> Input data:
:::
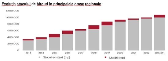 Cluj-Napoca ramane principalul hub regional de birouri, cu un stoc la finele anului trecut de 340.000 metri patrati, urmat de Timisoara cu proiecte de 293.000 metri patrati, Iasi cu 213.000 metri patrati si Brasov cu 152.000 metri patrati. In cele patru orase, stocul a ajuns astfel la circa milion de metri patrati, reprezentand mai putin de o treime din suprafata de birouri din Bucuresti.
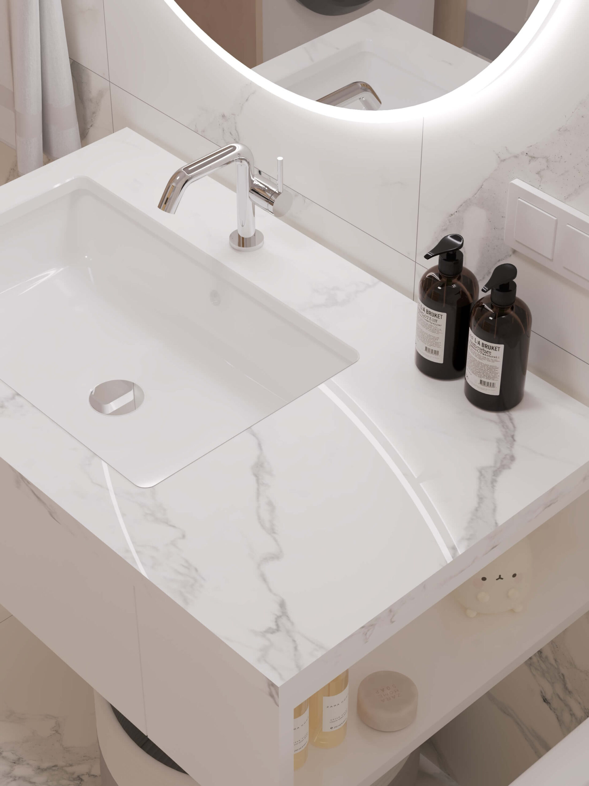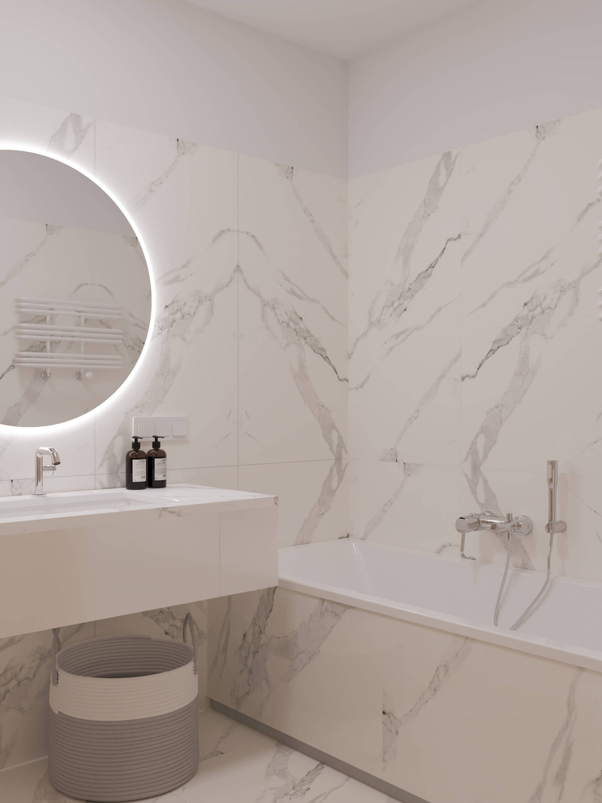 Projekt aranżacji bazuje na stylu nowoczesnym, w którym estetyka idzie w parze z funkcjonalnością. Klientce zależało na łatwym utrzymaniu łazienki w czystości, dlatego zastosowano gładkie powierzchnie odporne na zabrudzenia. W łazience przewidziano pojemne szafki do przechowywania, ergonomicznie rozmieszczone elementy sanitarne oraz sprytne rozwiązania, takie jak ukryte schowki czy podwieszane meble. To wszystko sprawia, że łazienka może być zarówno komfortowa, jak i stylowa.
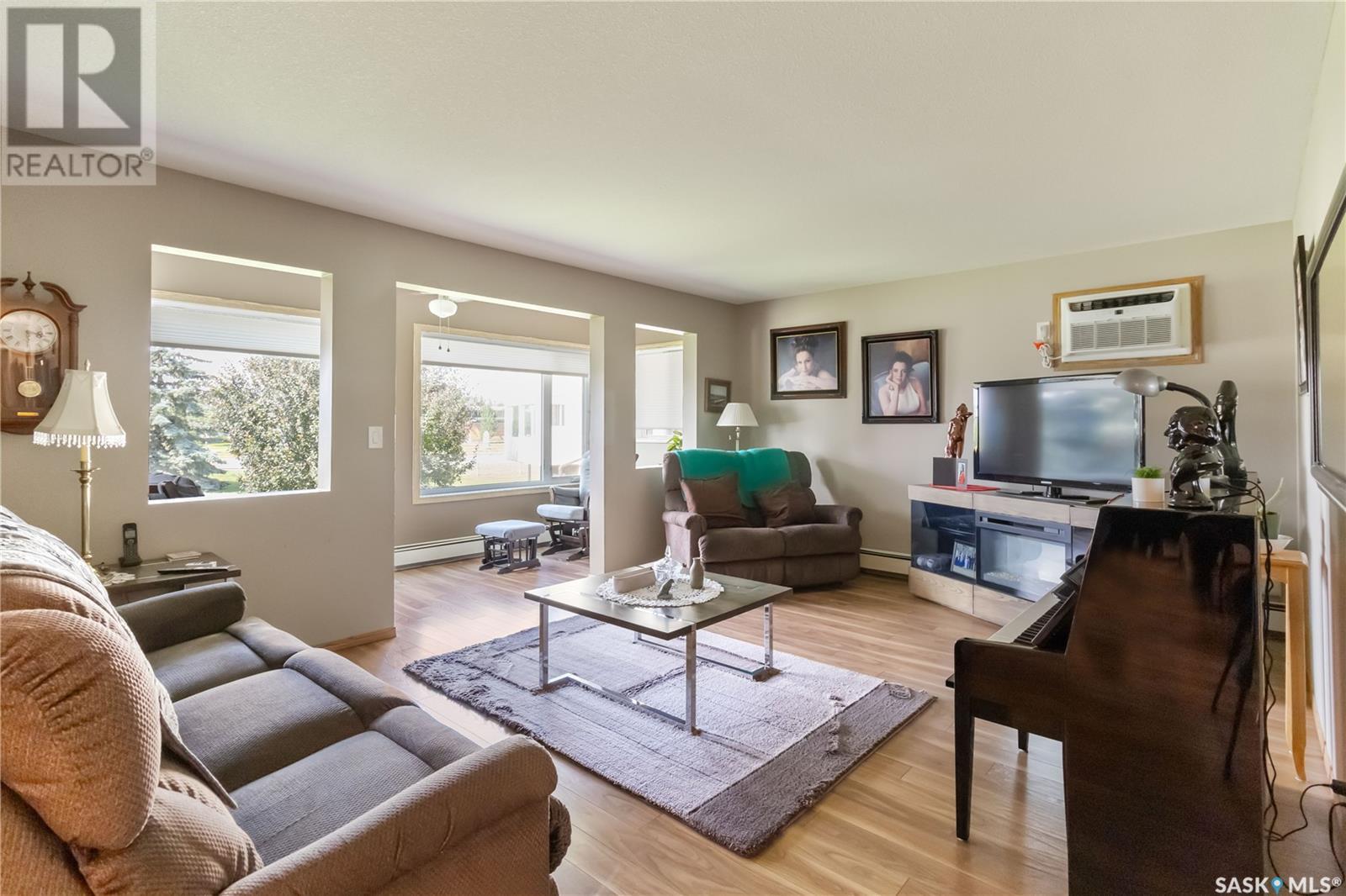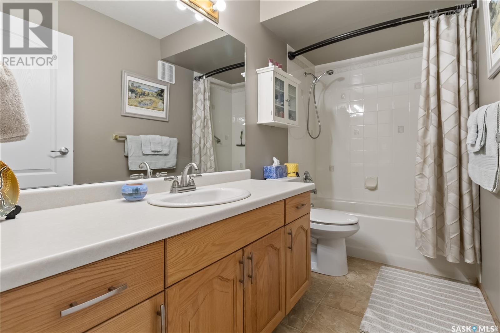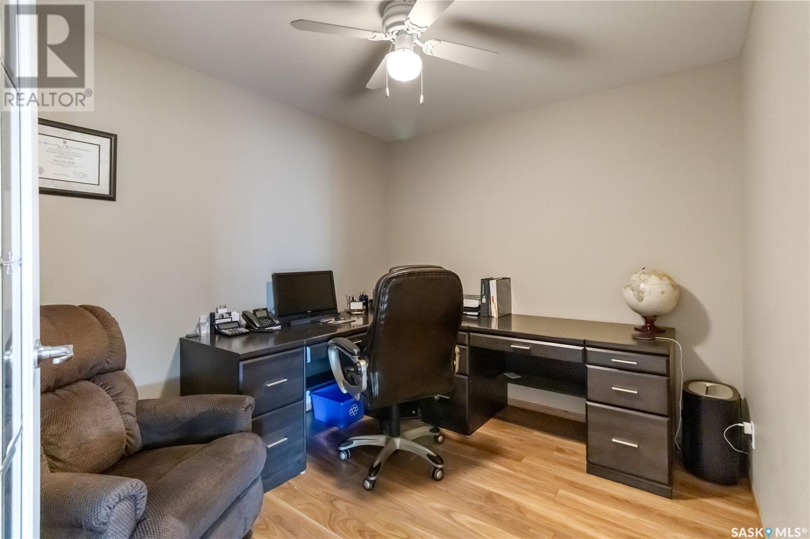 $650 MonthlyWelcome to 104-103 Keevil Cres in University Heights! This 1,577 sq. ft. condo features 2 bedrooms, a den and 2 full bathrooms. Not only is the size impressive, but the condition is equally remarkable. Shows 10/10! The kitchen is bright and inviting with new led lighting, tile backsplash, solid oak cabinets & a newer dishwasher. Off the dining area is a den with glass door - could easily be used as a third bedroom. The living room provides ample space for all furniture, with an additional sitting area/sun room at the back, perfect for enjoying coffee and reading your favorite book. Two bedrooms are down the hall and you will be impressed by the size - these are not your average bedroom sizes. The primary bedroom is 14.2x14.7 and includes a walk-in closet and a 3-piece en-suite. The 2nd bedroom is also large (13x14.7) and the main 4 piece bath is conveniently located across the hall. The laundry room is also substantial (9.5x12) offering plenty of storage space, room for another fridge and freezer and offers a newer washer and dryer. Other features include: Newer triple-pane windows throughout the condo with newer blinds and screens, two new air conditioners, updated laminate flooring, lighting and paint as well as 2 new tall toilets in the bathrooms. The condo also comes with a large storage room near the parkade (5x9x7), one underground parking stall, and free exterior parking for any extra vehicles. The building itself has undergone numerous upgrades in recent years, including a renovated recreation room with a pool table and kitchen, refreshed entryway and newly painted common areas. Please note, no pets are allowed. Condo fees include lawn care, snow removal, heat, water, sewer, garbage, common insurance, & reserve fund. The owners report that the reserve fund is in excellent condition. The building is aimed towards 55+. If you're looking for an active community with game nights, potlucks, bingo nights etc. this is the perfect place for you! (id:43042)
:::
> What you need to do: Return all of the material exactly, without pictures.

> Output for this task:
 Cluj-Napoca ramane principalul hub regional de birouri, cu un stoc la finele anului trecut de 340.000 metri patrati, urmat de Timisoara cu proiecte de 293.000 metri patrati, Iasi cu 213.000 metri patrati si Brasov cu 152.000 metri patrati. In cele patru orase, stocul a ajuns astfel la circa milion de metri patrati, reprezentand mai putin de o treime din suprafata de birouri din Bucuresti.
 Projekt aranżacji bazuje na stylu nowoczesnym, w którym estetyka idzie w parze z funkcjonalnością. Klientce zależało na łatwym utrzymaniu łazienki w czystości, dlatego zastosowano gładkie powierzchnie odporne na zabrudzenia. W łazience przewidziano pojemne szafki do przechowywania, ergonomicznie rozmieszczone elementy sanitarne oraz sprytne rozwiązania, takie jak ukryte schowki czy podwieszane meble. To wszystko sprawia, że łazienka może być zarówno komfortowa, jak i stylowa.
 $650 MonthlyWelcome to 104-103 Keevil Cres in University Heights! This 1,577 sq. ft. condo features 2 bedrooms, a den and 2 full bathrooms. Not only is the size impressive, but the condition is equally remarkable. Shows 10/10! The kitchen is bright and inviting with new led lighting, tile backsplash, solid oak cabinets & a newer dishwasher. Off the dining area is a den with glass door - could easily be used as a third bedroom. The living room provides ample space for all furniture, with an additional sitting area/sun room at the back, perfect for enjoying coffee and reading your favorite book. Two bedrooms are down the hall and you will be impressed by the size - these are not your average bedroom sizes. The primary bedroom is 14.2x14.7 and includes a walk-in closet and a 3-piece en-suite. The 2nd bedroom is also large (13x14.7) and the main 4 piece bath is conveniently located across the hall. The laundry room is also substantial (9.5x12) offering plenty of storage space, room for another fridge and freezer and offers a newer washer and dryer. Other features include: Newer triple-pane windows throughout the condo with newer blinds and screens, two new air conditioners, updated laminate flooring, lighting and paint as well as 2 new tall toilets in the bathrooms. The condo also comes with a large storage room near the parkade (5x9x7), one underground parking stall, and free exterior parking for any extra vehicles. The building itself has undergone numerous upgrades in recent years, including a renovated recreation room with a pool table and kitchen, refreshed entryway and newly painted common areas. Please note, no pets are allowed. Condo fees include lawn care, snow removal, heat, water, sewer, garbage, common insurance, & reserve fund. The owners report that the reserve fund is in excellent condition. The building is aimed towards 55+. If you're looking for an active community with game nights, potlucks, bingo nights etc. this is the perfect place for you! (id:43042)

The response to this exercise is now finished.